▶ Your instructions
Using the listing below, copy exactly each line from the one that has "NICE BROWN PLEATHER" through the one that has "PRECISE TIME KEEPING: Original"; omit the pictures.

▶ Task inputs
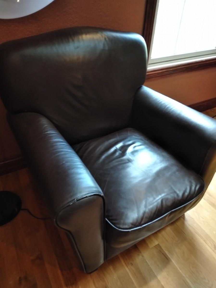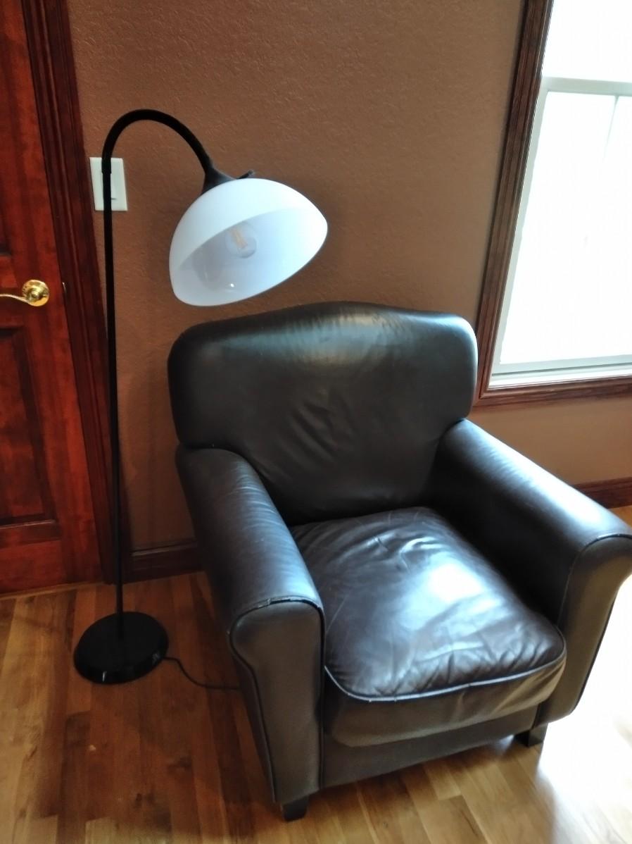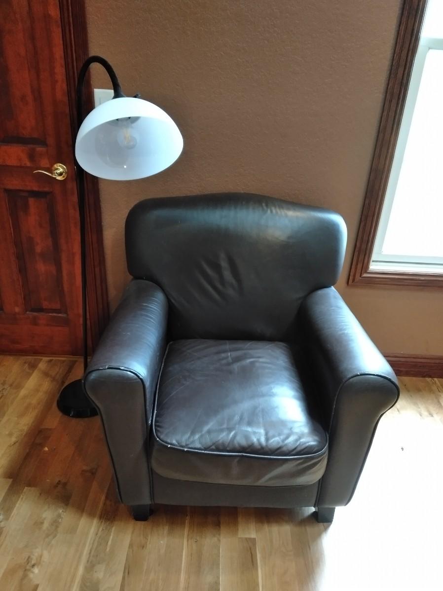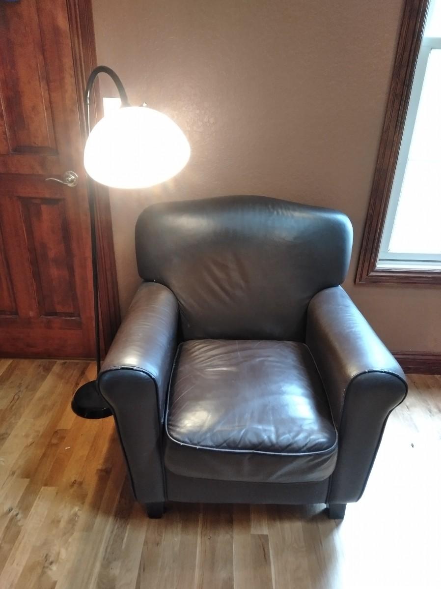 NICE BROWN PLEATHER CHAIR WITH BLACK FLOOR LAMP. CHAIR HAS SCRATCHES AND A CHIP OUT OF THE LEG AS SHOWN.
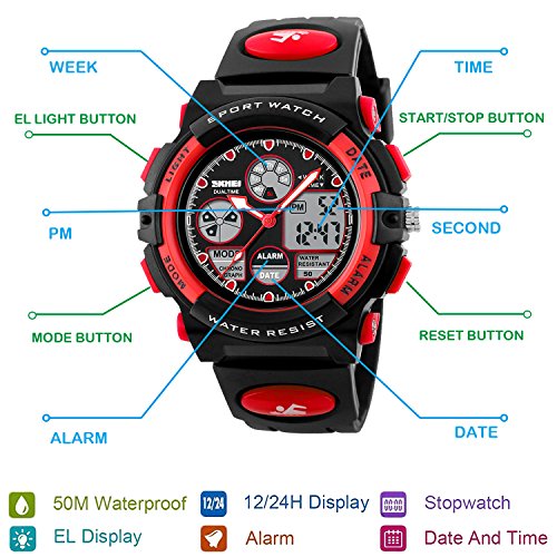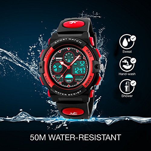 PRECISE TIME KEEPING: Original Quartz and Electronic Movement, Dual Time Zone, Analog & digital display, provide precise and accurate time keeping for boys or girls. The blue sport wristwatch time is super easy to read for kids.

---

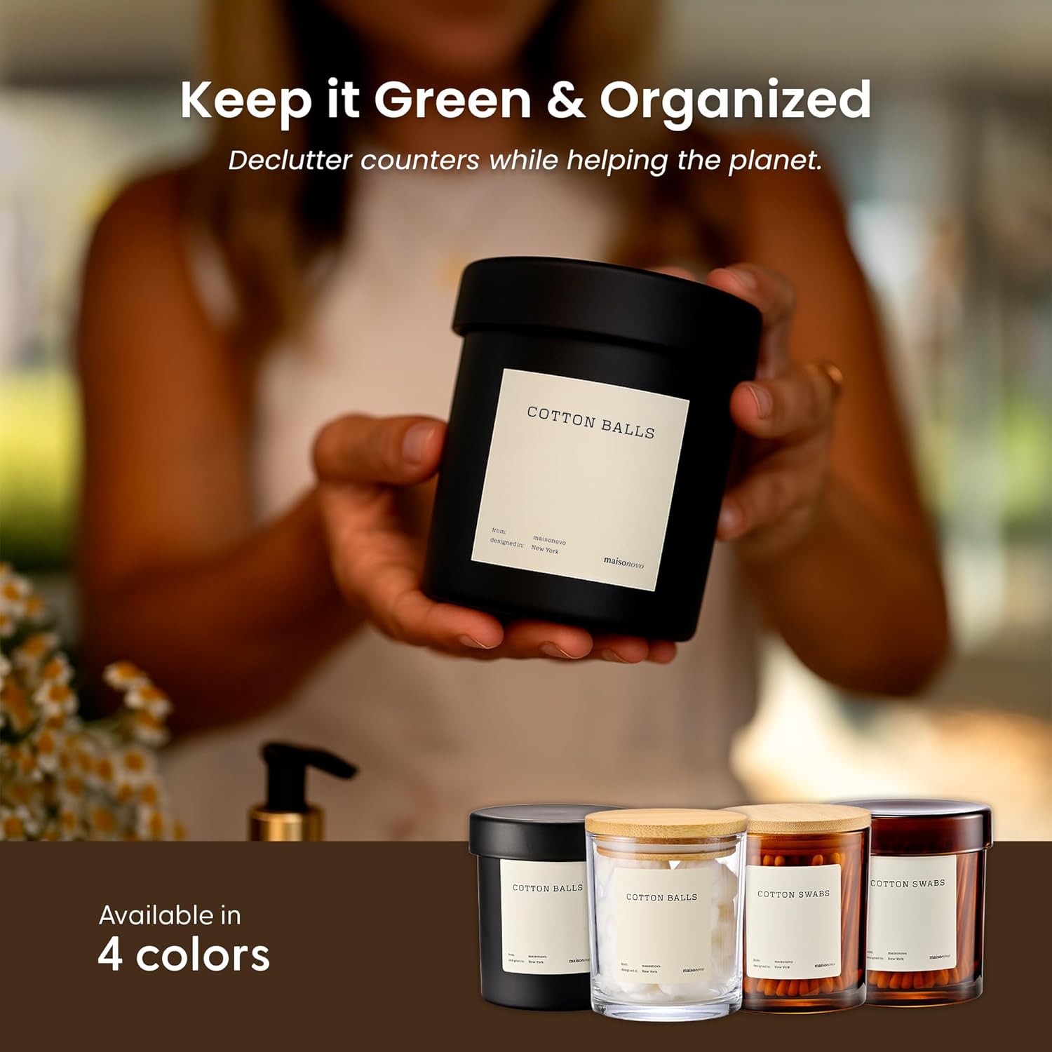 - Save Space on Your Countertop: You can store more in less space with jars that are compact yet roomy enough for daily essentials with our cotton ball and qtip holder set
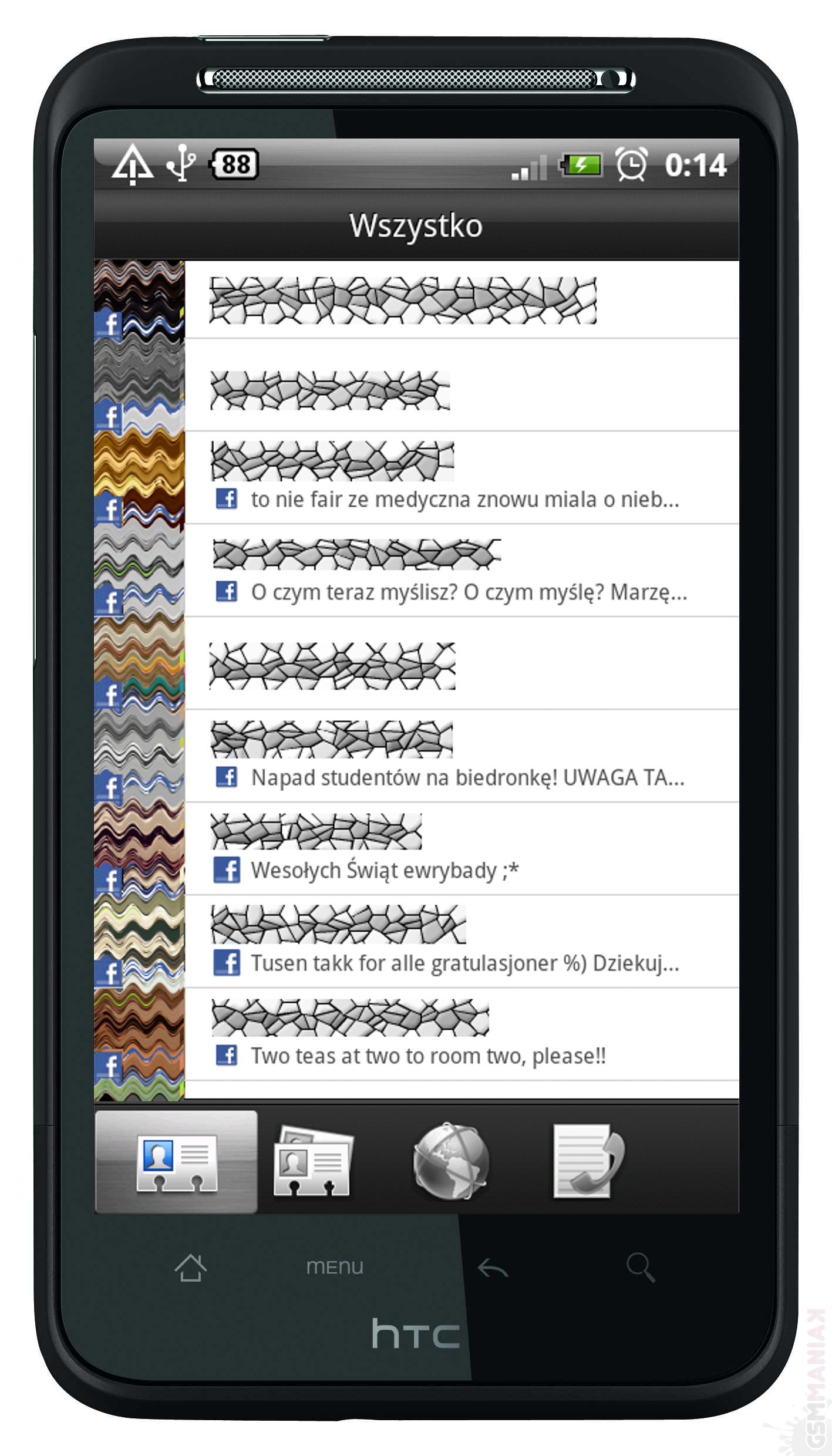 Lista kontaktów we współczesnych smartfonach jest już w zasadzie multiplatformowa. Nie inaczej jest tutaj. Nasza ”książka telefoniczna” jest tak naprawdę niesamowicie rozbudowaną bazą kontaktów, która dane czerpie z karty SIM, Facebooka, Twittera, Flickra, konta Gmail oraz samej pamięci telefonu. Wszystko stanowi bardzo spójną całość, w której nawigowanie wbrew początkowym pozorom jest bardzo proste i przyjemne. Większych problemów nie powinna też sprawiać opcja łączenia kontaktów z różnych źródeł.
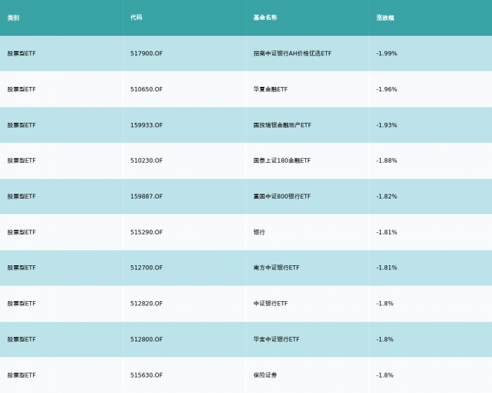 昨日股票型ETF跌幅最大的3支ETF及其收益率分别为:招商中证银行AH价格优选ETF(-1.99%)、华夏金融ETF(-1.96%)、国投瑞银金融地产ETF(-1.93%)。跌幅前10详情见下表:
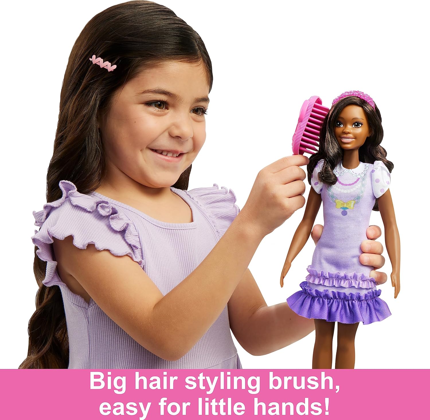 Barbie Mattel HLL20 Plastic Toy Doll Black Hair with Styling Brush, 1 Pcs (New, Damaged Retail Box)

▶ Answer space
 NICE BROWN PLEATHER CHAIR WITH BLACK FLOOR LAMP. CHAIR HAS SCRATCHES AND A CHIP OUT OF THE LEG AS SHOWN.
 PRECISE TIME KEEPING: Original Quartz and Electronic Movement, Dual Time Zone, Analog & digital display, provide precise and accurate time keeping for boys or girls. The blue sport wristwatch time is super easy to read for kids.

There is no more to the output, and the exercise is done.